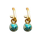 These matte gold hoop post earrings feature a paper clip design with a 10mm turquoise aqua terra charm.
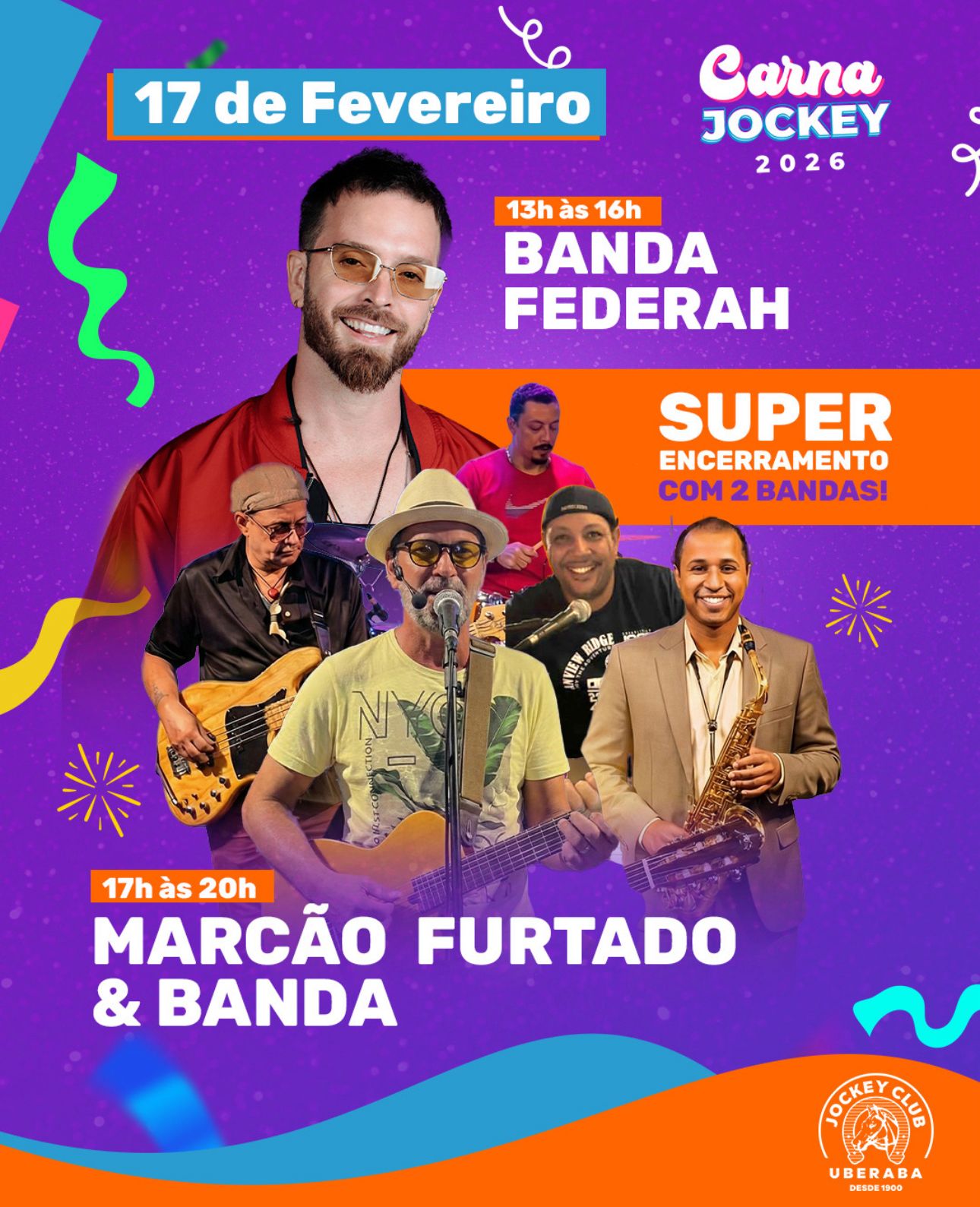 17/02: O Super Encerramento. Começamos cedo com Banda Federah e fechamos com chave de ouro com Marcão Furtado & Banda.
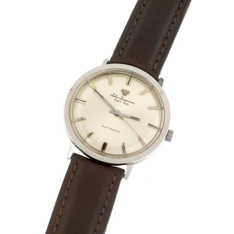 JULES JURGENSEN OROLOGIO cassa in acciaio, fondello serrato a vite, quadrante argenté, grafica nera, indici applicati, movimento a carica automatica cal AS 1748/49, cinturino in pelle marrone e fibbia in metallo non originali, vetro plastica. Diam. mm 33
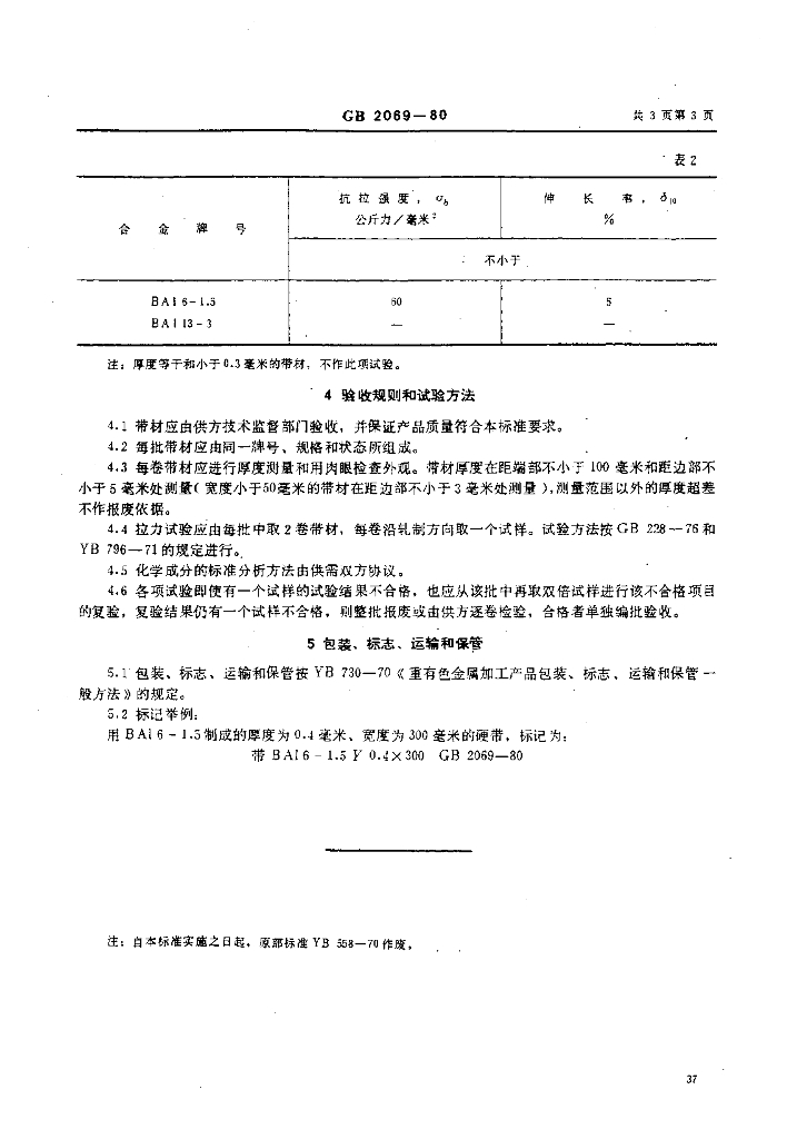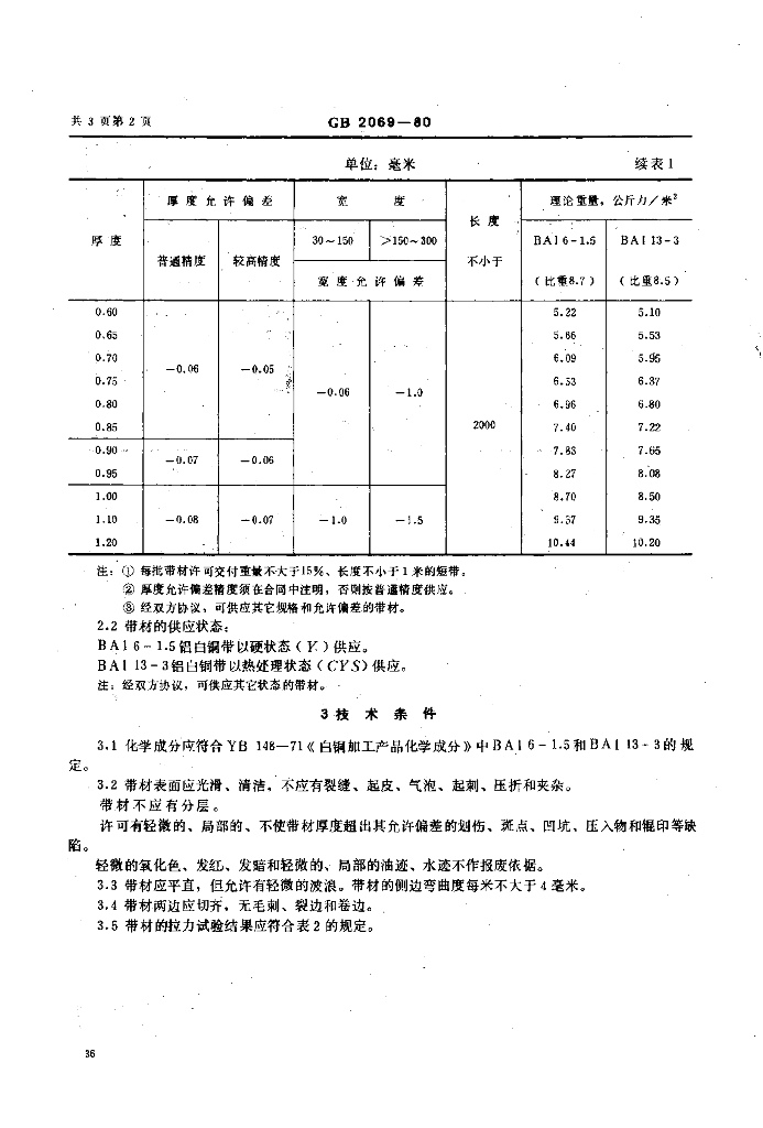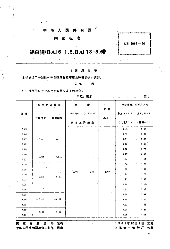 GB/T 2069-1980 铝白铜 (BAI6-1.5 BAI13-3)带
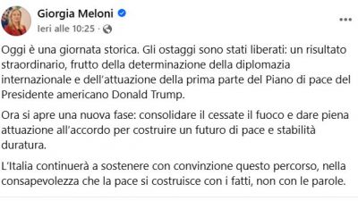 L’accordo raggiunto in Egitto per l’applicazione della prima fase del Piano di pace del Presidente Trump è una straordinaria notizia che apre la strada al cessate il fuoco a Gaza, al rilascio di tutti gli ostaggi e al ritiro delle forze israeliane su linee concordate.
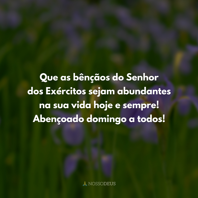 Que as bênçãos do Senhor dos Exércitos sejam abundantes na sua vida hoje e sempre! Abençoado domingo a todos!

» Description of the task
Take the lines from the first line of the entries through the line with "L’accordo raggiunto in", inclusive, and give them again exactly, minus any pictures.

» Solution for this task
 These matte gold hoop post earrings feature a paper clip design with a 10mm turquoise aqua terra charm.
 17/02: O Super Encerramento. Começamos cedo com Banda Federah e fechamos com chave de ouro com Marcão Furtado & Banda.
 JULES JURGENSEN OROLOGIO cassa in acciaio, fondello serrato a vite, quadrante argenté, grafica nera, indici applicati, movimento a carica automatica cal AS 1748/49, cinturino in pelle marrone e fibbia in metallo non originali, vetro plastica. Diam. mm 33
 GB/T 2069-1980 铝白铜 (BAI6-1.5 BAI13-3)带
 L’accordo raggiunto in Egitto per l’applicazione della prima fase del Piano di pace del Presidente Trump è una straordinaria notizia che apre la strada al cessate il fuoco a Gaza, al rilascio di tutti gli ostaggi e al ritiro delle forze israeliane su linee concordate.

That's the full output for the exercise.